I miei genitori immigrati non erano amanti dei biscotti. Mia madre di origini francesi, trovava quelli con gocce di cioccolato una singolare invenzione tutta americana, mentre mio padre tunisino, chiaramente di stampo mediterraneo, preferiva offrirmi delle arance come dessert. Ripensandoci, non mi stupisce il fatto che io abbia sviluppato una passione smisurata per i biscotti, ma per un tipo in particolare: i kaak warqa. Ogni estate, direttamente da Philadelphia, città in cui vivevamo, i miei genitori mi mandavano a visitare la mia famiglia tunisina dall’altra parte del mondo. La maggior parte dei dolci tunisini non mi piaceva. Mi sembravano eccessivamente stucchevoli e di solito erano ricoperti di frutta secca, mentre io ero più attratta dal cioccolato.

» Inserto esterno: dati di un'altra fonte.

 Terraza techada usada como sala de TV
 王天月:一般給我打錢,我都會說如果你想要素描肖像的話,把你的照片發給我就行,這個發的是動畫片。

Non ricordo la prima volta che ho mangiato un kaak warqa, ma deve essere stato il suo aspetto liscio e a forma di ciambella a catturare la mia attenzione. Per gioco potevo per giunta infilarne uno al dito, un po’ come un gigantesco anello. E poi c’era il gusto: un cerchio di pasta liscia come la seta e burrosa avvolgeva un ripieno di mandorle macinate, appena zuccherato, al profumo di acqua di rose. Fu amore al primo morso. In Tunisia, i kaak warqa sono considerati i dolci più pregiati e più costosi in circolazione. Vengono offerti ai matrimoni, durante il Ramadan, l’Eid al-Fitr (festa che segna la fine del digiuno) e per celebrare la nascita del profeta Maometto. Quando si ricevono degli ospiti speciali in casa, i kaak warqa vengono serviti accompagnati da tè alla menta e pinoli. Si vendono solo nelle pasticcerie specializzate e si comprano al chilo. Si tratta di un dolcetto raffinato e opulento e come tale non è adatto per chi si accontenta.

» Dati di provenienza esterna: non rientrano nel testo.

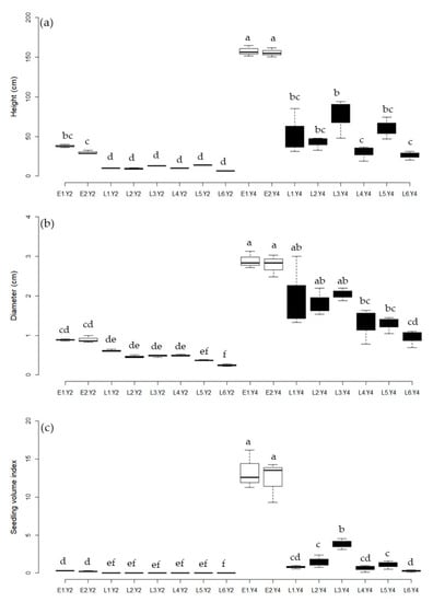 Seedling growth of 8 tree species of woodland. (a) Height (cm), (b) diameter of the stem measured at the root collar (RCD, 2 years) and at 10 cm above the soil surface (4 years) (cm) and (c) seedling volume index (cm3). E and L: early and late successional species, respectively. Y2 and Y4: 2 and 4 years after planting, respectively. E1: C. collinum and E2: P. tinctorius (ES); L1: B. boehmii, L2: B. longifolia, L3: B. spiciformis, L4: B. wangermeana, L5: J. globiflora and L6: J. paniculata (LS). N = 3 replicates (subplot) and 3 seedlings per replicate and per species Box and whisker plots summarize the 25th, 50th (median line) and 75th percentiles defining the box, together with the 10th (lower whisker) and 90th (upper whisker) percentiles, for the responses for each species. Letters above the boxplots indicate mean differences with respect to age and species, according to post-hoc Tukey HSD tests (p < 0.05).
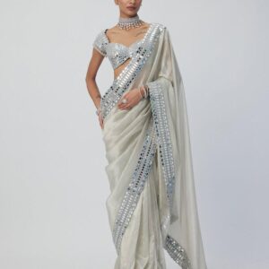 Turn every entrance into a statement with our stunning ready-to-wear drape saree crafted in a dreamy faux georgette and adorned with intricate embroidery & shimmering sequins.

Forse a causa del loro posto di rilievo nell’olimpo della pasticceria tunisina, non avevo mai considerato la possibilità di preparare i kaak warqa a casa. In Tunisia, sono ottenuti con una farina specifica per questo dessert, facilmente reperibile al supermercato (si aggiunge del colorante alimentare bianco per rendere l’impasto ancora più candido). Credevo fosse una di quelle delizie che potevano essere realizzate solo in una cucina industriale da mani esperte, ma durante la pandemia, quando ero impossibilitata a recarmi nel mio paese natale, mi sono ritrovata a desiderare un kaak warqa. Perfino nella mia abitazione temporanea di Marsiglia, in Francia, dove una consistente fetta di popolazione di origine tunisina vive da generazioni, non riuscivo a trovare nessuno che li vendesse. Così decisi di fare il grande passo e di provare a prepararli da sola. Anche se la ricetta dei kaak warqa non è tra le più semplici, ammetto di essere rimasta sorpresa dalla facilità con cui si preparano. Ho imparato a lavorare l’impasto di colore bianco e a stenderlo sottile, a tagliare e a misurare con una precisione maniacale, ad avvolgerlo intorno al marzapane e, infine, ad arrotolarlo realizzando delle piccole ciambelle. L’odore del burro chiarificato e dell’acqua di rose riempivano la mia cucina per concretizzarsi, poi, in numerose dozzine di biscotti, forse un po’ più pallidi di quelli della pasticceria, ma con lo stesso gusto delicato e profumato. Ormai tutti in famiglia sono a conoscenza del fatto che il kaak warqa è il mio dolce preferito. Circa un anno fa sono finalmente tornata in Tunisia dopo diversi anni di assenza. Alla fine del soggiorno sono andata a trovare mia nonna, la quale mi ha consegnato diverse confezioni di kaak warqa – ciascuna da parte di zii e parenti vari che, nonostante la mia età, sanno che basta poco per rendermi felice.
Una volta tornata a casa, dopo una settimana di abbuffate, fu chiaro che avrei dovuto iniziare a distribuire ciò che restava di quel regalo. Una sera incontrai alcuni amici in un bar con l’ultima confezione di dolcetti al seguito. Ma erano ancora troppi per essere consumati tutti dai miei amici, così mi feci strada nel patio affollato mentre degli sconosciuti si destreggiavano tra sigarette e bicchieri di vino naturale per raggiungermi. «Che cos’è? ‒ esclamarono al primo morso ‒. Non ho mai mangiato niente di simile prima d’ora. Come si chiama?».
«Kaak warqa ‒ risposi, sorridendo ‒. Il biscotto più buono del mondo!».